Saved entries
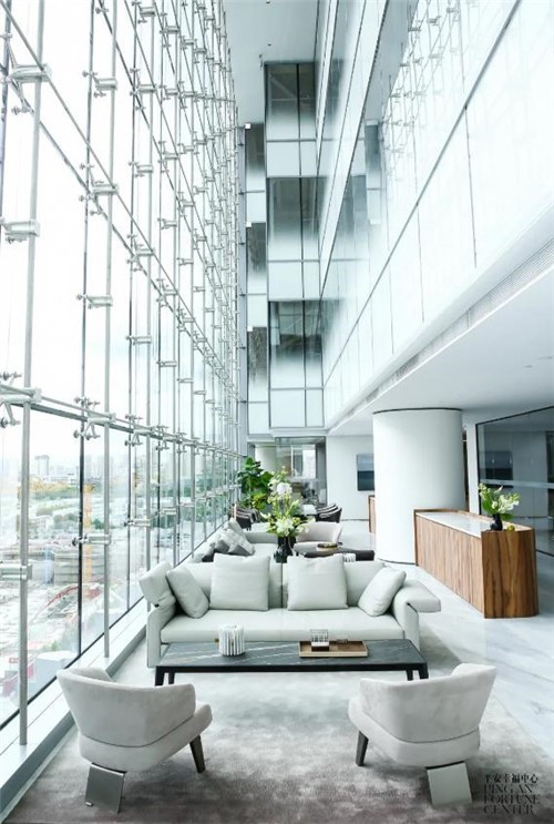平安幸福中心以"匠心"和細節鑄就樓宇高端品質。挑高17米的云端中庭,打造私享企業門面;6000平方米總部獨棟,實現企業高端商務定制;共享藝術大堂直面中庭花園,營造空間與自然共融的和諧氛圍;四管式中央空調加新風系統,構建舒適鮮氧辦公環境;人臉識別閘機和智能選層電梯系統,盡顯科技融合的商務魅力。
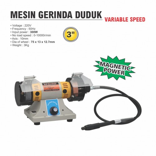 Voltage : 220 V Frequency : 50 Hz Input power : 300 W No load speed : 0 - 10000 r/min Dia. Of wheel : 75 x 13 x 12.7 mm
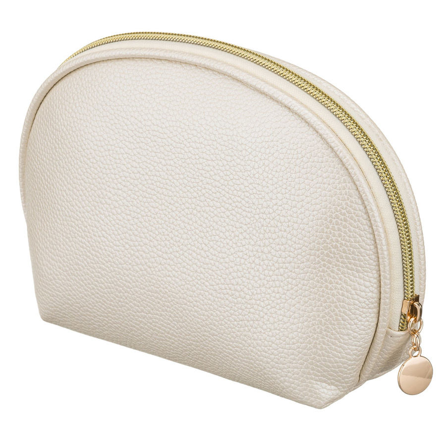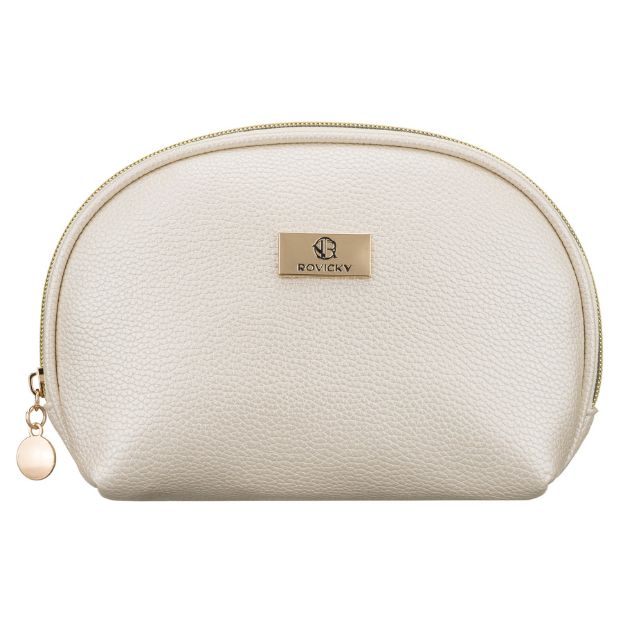 Beżowa kosmetyczka ze skóry ekologicznej, jednokomorowa i zamykana suwakiem - Rovicky
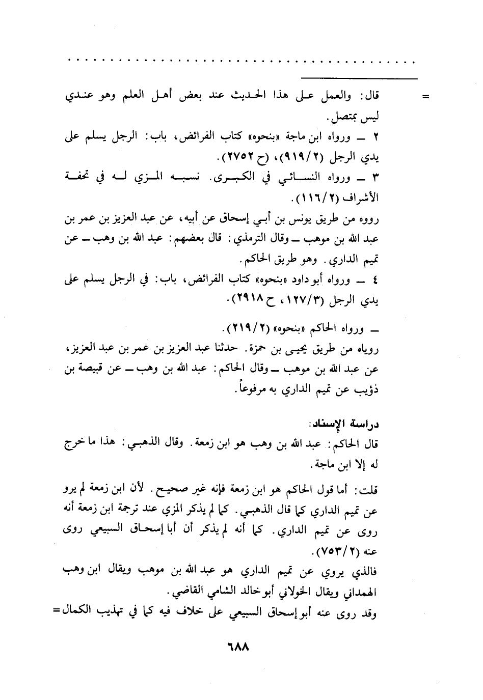 قلت: أما قول الحاكم هو ابن زمعة فإنه غير صحيح. لأن ابن زمعة لم يرو عن تميم الداري كما قال الذهبي. كما لم يذكر المزي عند ترجمة ابن زمعة أنه روى عن تميم الداري. كما أنهم لم يذكر أن أبا إسحاق السبيعي روى عنه (2/ 753).
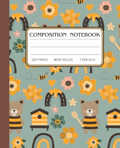 Kawaii Honey Bear Composition Notebook: Wide Ruled Notebook | 7.5" x 9.25", 120 Pages, Cute Bumblebee Bear & Honeycomb Aesthetic, Perfect for School, Work, and Journaling

■ Problem to work on ■
Leave out the pictures and output every record above precisely as given.

■ Task response ■
平安幸福中心以"匠心"和細節鑄就樓宇高端品質。挑高17米的云端中庭,打造私享企業門面;6000平方米總部獨棟,實現企業高端商務定制;共享藝術大堂直面中庭花園,營造空間與自然共融的和諧氛圍;四管式中央空調加新風系統,構建舒適鮮氧辦公環境;人臉識別閘機和智能選層電梯系統,盡顯科技融合的商務魅力。
 Voltage : 220 V Frequency : 50 Hz Input power : 300 W No load speed : 0 - 10000 r/min Dia. Of wheel : 75 x 13 x 12.7 mm
 Beżowa kosmetyczka ze skóry ekologicznej, jednokomorowa i zamykana suwakiem - Rovicky
 قلت: أما قول الحاكم هو ابن زمعة فإنه غير صحيح. لأن ابن زمعة لم يرو عن تميم الداري كما قال الذهبي. كما لم يذكر المزي عند ترجمة ابن زمعة أنه روى عن تميم الداري. كما أنهم لم يذكر أن أبا إسحاق السبيعي روى عنه (2/ 753).
 Kawaii Honey Bear Composition Notebook: Wide Ruled Notebook | 7.5" x 9.25", 120 Pages, Cute Bumblebee Bear & Honeycomb Aesthetic, Perfect for School, Work, and Journaling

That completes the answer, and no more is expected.